Thanks a Million, Mom

On my first Mother’s Day as a mom I wrote something for my mother about all the little things I never realized I should thank her for until I had my own child. After having spent the last year caring for another infant those words still ring so true that I thought I’d re-post them:

Over the years I’ve thanked my mother again and again for all the support she’s given me in life, for all the chorus and band recitals she sat through, for the birthdays and holidays she made special, for pushing me to be my best, for allowing me to do more and be more and experience more than she was allowed to do and be and experience as a kid.

But until this past year, I never knew enough to thank her for the less noticeable “mom” stuff, the stuff I don’t remember or couldn’t understand until I experienced it firsthand.

So thank you, Mom, for enduring the anxiety and discomfort of pregnancy, and the pain and uncertainty and exhilaration and terror of labor, to bring me into the world. Thank you for all the nights you got up from your bed to come to mine and soothe me back to sleep. Thank you for the million tiny prayers you sent up on my behalf, every day, even now, whenever you read or saw something about a child being sick or lost or hurt or, God forbid, killed. Thank you for all the times you surrendered yourself into fits of silliness, making funny faces and blowing raspberries on my tummy and dancing around the living room to make me giggle.

Thank you for wondering “Is this right? Am I doing okay?” about a thousand times in quiet moments right before you fell asleep at night. Thank you for overcoming your frustrations when I was clingy or whiny or overtired or sick to keep caring for me with tenderness even when you felt like your mother’s deep well of tenderness had surely run dry. Thanks for putting up with every diaper change I squirmed through, every bit of food I threw at you, and every time I spit up on a clean shirt you’d just put on.

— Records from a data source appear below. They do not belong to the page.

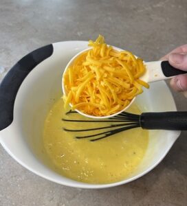 Pour into the prepared baking dish and top with the remaining 1/2 cup cheddar cheese and green onions.
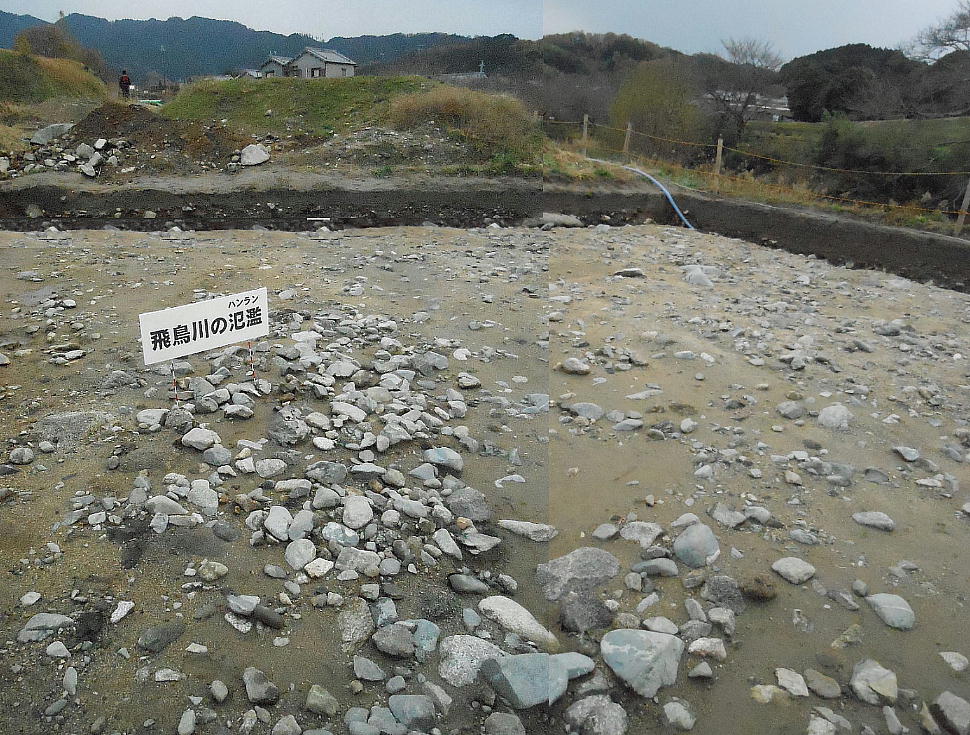 南の端に「飛鳥川の氾濫」とした石畳があった。
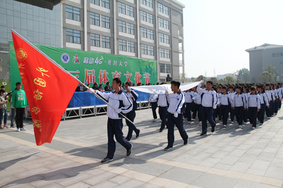 在庄严热烈的运动员进行曲中,13个院部方阵依次入场,他们精神饱满,意气风发,展现了开大人锐意进取、奋发向上的精神风貌。
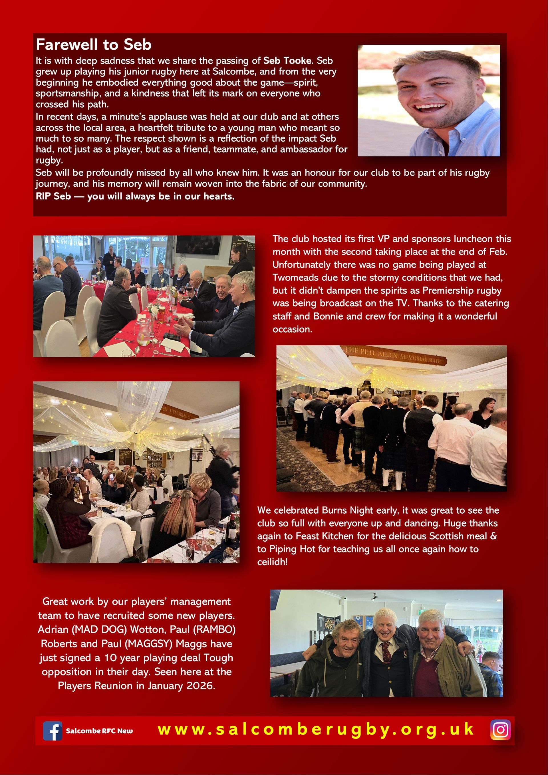 Celebration of the Life of Seb Tooke The family of Seb Tooke warmly invites all who knew and loved him to join us for a Celebration of his Life on Friday, 23rd January. The service will begin at 3:00 PM at The Holy Trinity Church, Salcombe. In true Seb Tooke style, we will then raise a glass together at The King’s Arms to share memories and celebrate his life. Dress Code: Rugby shirts encouraged, for those who wish — in recognition of Seb’s love of the game. In lieu of flowers, donations are welcomed to CALM (Campaign Against Living Miserably), an incredible charity dedicated to preventing suicide. https://seb-tooke1.muchloved.com/ All of us at Salcombe RFC and far beyond are deeply saddened to hear about the passing of Seb Tooke. He began his Rugby journey with the Crabs as a mini and went on to achieve amazing things on the pitch. He touched the lives of so many along the way. I am sure that many of you will have already seen tributes to Seb and I would like to echo every sentiment made in them. I know I can speak on behalf of everyone who has played with him when I say what a truly amazing human being and rugby player Seb was. The kind of bloke who would run through a brick wall for the team and would give 100% in everything he did. Having scrummaged directly behind him for so many years, I can tell you first hand what an absolute titan he was. Where he shone so brightly on the pitch, he shone equally brightly off it. His ear to ear grin and infectious laugh would instantly brighten any room he entered. He was one of the kindest, funniest and most caring people you could ever wish to meet. One of the best, gone far too soon. In recognition of this, we will be holding a minutes applause prior to Kick Off in our game at home to Plymouth Argaum this Saturday. We will also be taking donations to CALM (Campaign Against Living Miserably), the charity chosen by Seb’s family. In the wake of this utterly tragic loss, please look out for those around you and remember that it’s good to talk, especially if you’re feeling down or worried about anything. Whatever happens out there Seb, you’ll always be my tight head buddy. Fly high brother, Dodsy❤️🤍

Thank you for giving up your free time, surrendering your privacy, and setting aside some of the dreams you had as a woman to make room for all the new dreams you carried as a mother. Thank you for all the warm baths and bottles, all the practicing you did with me to say “Dada” and “Mama” and “milk.” Thank you for holding onto my chubby fingers and helping me take my first steps. Thank you for all the hugs and kisses and smiles you showered me with in that first year, and know that those tiny acts of love created the foundation of love and independence and happiness on which I built my life.

Mom, I always appreciated you as a mother but I couldn’t fully understand who you are — who you’ve been — to me until now. Now I get it. Now I realize that all those years when you hinted and asked and practically begged me to tell you whether I was ever going to “start a family,” it wasn’t because you merely wanted to be a grandma. It was because you desperately, secretly wished for me to experience the same blessings of being a mom that you’ve experienced.

I’ve learned this past year that parenthood sucks up your time and money and patience, but in their place it leaves this warmth and richness that is quite indescribable until you feel it yourself, from the bottom of your heart to the top of your soul. I hope when I was a baby, and a child, and perhaps even now, I added some of that warmth and richness to your heart, Mom. It’s the least I could do, for all you gave to me.


And because I am now mothering two children, I have a few more “thank yous” to add:

Thank you, Mom, for my siblings. Thank you for finding within yourself the ability to love all of us equally yet differently. And thank you for instilling in us respect for and allegiance to one another.

Thank you for working so hard to put food on the table for every meal, every day, even when it was met with complaints or downright refusal to eat it. And thank you for all those times you found yourself on your hands and knees picking up the food that was so carelessly dropped, spilled or thrown.

Thank you for enduring the exhaustion that comes with caring for more than one child in diapers. Thank you for all the juggling and cross-checking that took place just to get us out the door, or into bed. Thank you for dealing with all the extra splashing and water and chaos that comes with bathing two children at the same time.

Thanks for folding laundry at midnight because that was the only free time you had to do it. And thanks for giving up whatever it was you would have liked to do with that precious free time in favor of making sure your kids had clean clothes to wear the next day.

Thank you for bearing the days when the whining and fussing of multiple children seemed enough to send you running for the hills. Thank you for the sacrifices you made to be home with us as much as you could be, even in those tiny secret moments when you wished to be somewhere — anywhere — else.

Thank you for forcing us to share, but for never making us feel like there wasn’t enough of you to go around.

Thank you, Mom, especially for the laughter, the love and the lullabyes.

Something tells me I’ll have more to add to this list every year. Happy Mother’s Day to every mom out there — but mostly to mine.